Fausto Vitaliano. Era solo una promessa

Gli anni '90 in un romanzo totale

Intervista all'autore

A cura di Giuseppe Iannozzi

 

1. Era solo una promessa, questo il tuo primo romanzo, Fausto Vitaliano. Un romanzo complesso, di grandi ambizioni. Come e perché ti è saltato in testa di passare da Topolino a un romanzo totale che racconta (anche) un tragico capitolo della storia italiana?

In realtà, ho cominciato a scrivere narrativa – o, almeno, ci ho provato – ben prima di fare lo sceneggiatore di fumetto. Parlo di più di vent'anni fa, ormai. Prima di “Era solo una promessa” avevo messo insieme cinque altri romanzi, una decina di short stories e una quantità imbarazzante di racconti. Ogni volta che mi proponevo a qualche editore, però, i manoscritti mi venivano rifiutati (in retrospettiva, posso dire che avevano ragione loro). Nel corso degli anni ho cercato di migliorarmi e di capire che cosa non funzionasse. Parallelamente, però, ho cominciato a lavorare per la radio, poi per la televisione. Sono diventato giornalista, ho lavorato per il teatro e, infine, ho ricevuto l'offerta di fare lo sceneggiatore per la Disney. Continuavo a scrivere romanzi e racconti, perché proprio non ce la facevo senza. Sono stato fortunato, giacché ho potuto comunque guadagnarmi da vivere attraverso la scrittura. E finalmente ho trovato un editore, Laurana, che ha apprezzato il mio lavoro.

2. In Era solo una promessa due eroi della giustizia italiana muoiono ammazzati in maniera più che mai tragica: Giovanni Falcone e Paolo Borsellino.
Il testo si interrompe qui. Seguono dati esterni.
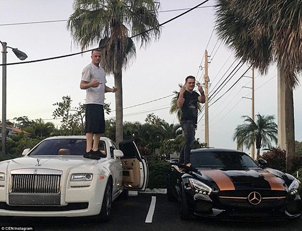 | Hai chàng trai hào hứng đứng trên những chiếc xế hộp đắt giá. |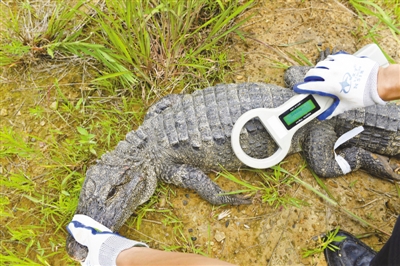 芯片也被稱為電子標(biāo)識(shí)器。電子標(biāo)識(shí)器注入鱷魚(yú)尾部皮下,對(duì)揚(yáng)子鱷的健康沒(méi)有影響。研究人員可以通過(guò)專門的閱讀器讀出其內(nèi)數(shù)碼,方便日后辨識(shí)身份。汪仁平說(shuō):“電子芯片呈米粒形狀,長(zhǎng)約1厘米,芯片上標(biāo)記著它的個(gè)體信息,如身高、體重、年齡等,一旦這條鱷魚(yú)再次被捕捉,通過(guò)閱讀器能迅速確定它的身份。”

Accenni alla loro esecuzione attraverso Alessandro, personaggio principale del tuo romanzo, il quale apprende la notizia attraverso la tivù. Perché solo un breve accenno e non una più nutrita disamina di questa pagina nera di Storia?

Ho preferito che la cronaca tragica e recente del nostro Paese rimanesse sullo sfondo della vicenda in primo piano, ossia la storia d'amore tra Silvia e Alessandro e gli intrighi della famiglia Neyroz. Le vicende private e quelle pubbliche si incrociano diverse volte nel corso del romanzo. Potremmo dire che la storia d'amore altro non è che lo specchio di quanto sta accadendo loro intorno. Non a caso, l'accenno alla morte di Giovanni Falcone (mai nominato con nome e cognome, peraltro) accade il giorno in cui Silvia e Alessandro si lasciano.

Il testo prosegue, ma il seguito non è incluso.